Strange RETURN NEXT behaviour in Postgres 8.0

Lists: pgsql-hackers
From: "Sergey E(dot) Koposov" <math(at)sai(dot)msu(dot)ru>
To: pgsql-hackers(at)postgresql(dot)org
Subject: Strange RETURN NEXT behaviour in Postgres 8.0
Date: 2005-02-12 17:10:46
Message-ID: Pine.LNX.4.44.0502121929520.29807-100000@lnfm1.sai.msu.ru
Views: Raw Message | Whole Thread | Download mbox | Resend email
Lists: pgsql-hackers

Hi All

I have a quite strange problem with RETURN NEXT statement.
I have a big table with 500 millions of rows running on Postgres 8.0.
Table "public.usno"
Column | Type | Modifiers
--------+--------+-----------
ra | real |
dec | real |
bmag | real |
rmag | real |
ipix | bigint |
errbox | box |
Indexes:
"box_ind" rtree (errbox)
"ipix_ind" btree (ipix)
"radec_ind" btree (ra, "dec")

I actually wrote some procedures in PL/SQL using dynamical queries,
and once I obtained the following error.
ERROR: wrong record type supplied in RETURN NEXT
CONTEXT: PL/pgSQL function "yyy" line 8 at return next

To solve the problem, I used just the following simple PL/SQL functions, and
a query "select * from yyy()"

CREATE OR REPLACE FUNCTION xxx(refcursor) RETURNS refcursor AS '
DECLARE query varchar;
BEGIN
query = ''SELECT * FROM usno'';
OPEN $1 FOR EXECUTE query;
RETURN $1;
END;
' LANGUAGE plpgsql;

CREATE OR REPLACE FUNCTION yyy() RETURNS SETOF usno AS '
DECLARE rec record;
DECLARE cur refcursor;
BEGIN
cur=xxx(''curs_name'');
LOOP
FETCH cur into rec;
RETURN NEXT rec;
EXIT WHEN NOT FOUND;
END LOOP;
RETURN;
END;
' LANGUAGE plpgsql;

I was quite surprised by this errors, because I have tried the same
functions on rather same (but smaller table) on Postgres 7.4.6 on my laptop
without any problems.

For debugging purposes, I just have created by hand on Postgres 8.0 machine
the small table "q3c" with just two rows, but same structure as usno table.
Table "public.q3c"
Column | Type | Modifiers
--------+--------+-----------
ra | real |
dec | real |
bmag | real |
rmag | real |
ipix | bigint |
errbox | box |
Indexes:
"box_ind1" rtree (errbox)
"ipix_ind1" btree (ipix)
"radec_ind1" btree (ra, "dec")

And, after replacing "usno"->"q3c" in the xxx() and yyy(), the query
"select * from yyy()" worked without problems!!!

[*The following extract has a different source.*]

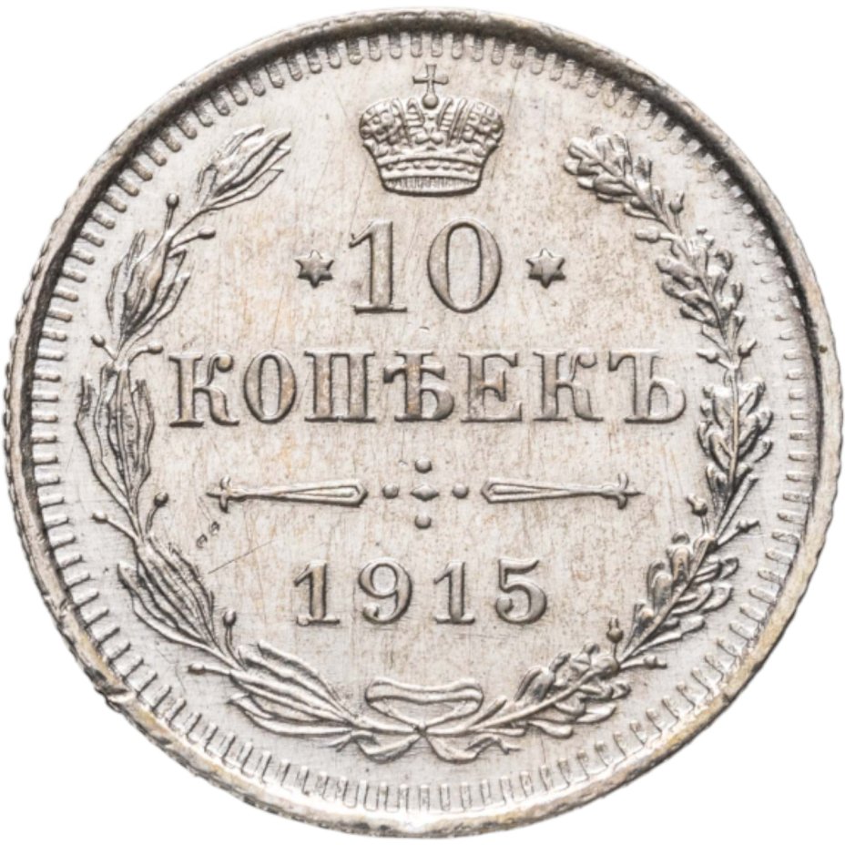 В центре указан номинал «10», ограниченный с обеих сторон звездочками. Над цифрой – Корона Российской империи. Под цифрой номинала — слово "КОПЕЕК". Ниже, расположен декоративный разделитель в виде двух разнонаправленных фигурных линий и стилизованным из точек крестом между ними. Под разделителем — дата выпуска монеты «1915». Вдоль канта, не доходя до короны, изображен венок из лавровой и дубовой ветви, которые в нижней части перевязаны лентой на узел бантом. По окружности канта имеются рельефные элементы, выполненные в виде зубцов.

So, how can it be, that my PL/SQL functions works fine on one(smaller)
table, but fails on another(bigger) table.

Thanks in advance for any ideas.
Sergey
PS
I have tried my code replacing the declaration
"rec record;" by "rec TABLE_NAME%ROWTYPE", and it worked for both (big and
small table), but I don't understand, why it doesn't work with the type
"record".

------------------------------------------------------------
Sergey E. Koposov
Sternberg Astronomical Institute, Moscow University (Russia)
Max-Planck Institute for Astronomy (Germany)
Internet: math(at)sai(dot)msu(dot)ru, http://lnfm1.sai.msu.su/~math/


From: Tom Lane <tgl(at)sss(dot)pgh(dot)pa(dot)us>
To: "Sergey E(dot) Koposov" <math(at)sai(dot)msu(dot)ru>
Cc: pgsql-hackers(at)postgresql(dot)org
Subject: Re: Strange RETURN NEXT behaviour in Postgres 8.0
Date: 2005-02-16 18:54:28
Message-ID: 26214.1108580068@sss.pgh.pa.us
Views: Raw Message | Whole Thread | Download mbox | Resend email
Lists: pgsql-hackers

"Sergey E. Koposov" <math(at)sai(dot)msu(dot)ru> writes:
> LOOP
> FETCH cur into rec;
> RETURN NEXT rec;
> EXIT WHEN NOT FOUND;
> END LOOP;
> RETURN;

Don't you think you should have the EXIT *above* the RETURN NEXT?
I would expect this to emit a bogus row of nulls after the last row
returned by the cursor. (At least that's what I get with current
sources. Pre-8.0 it might return the last row twice.)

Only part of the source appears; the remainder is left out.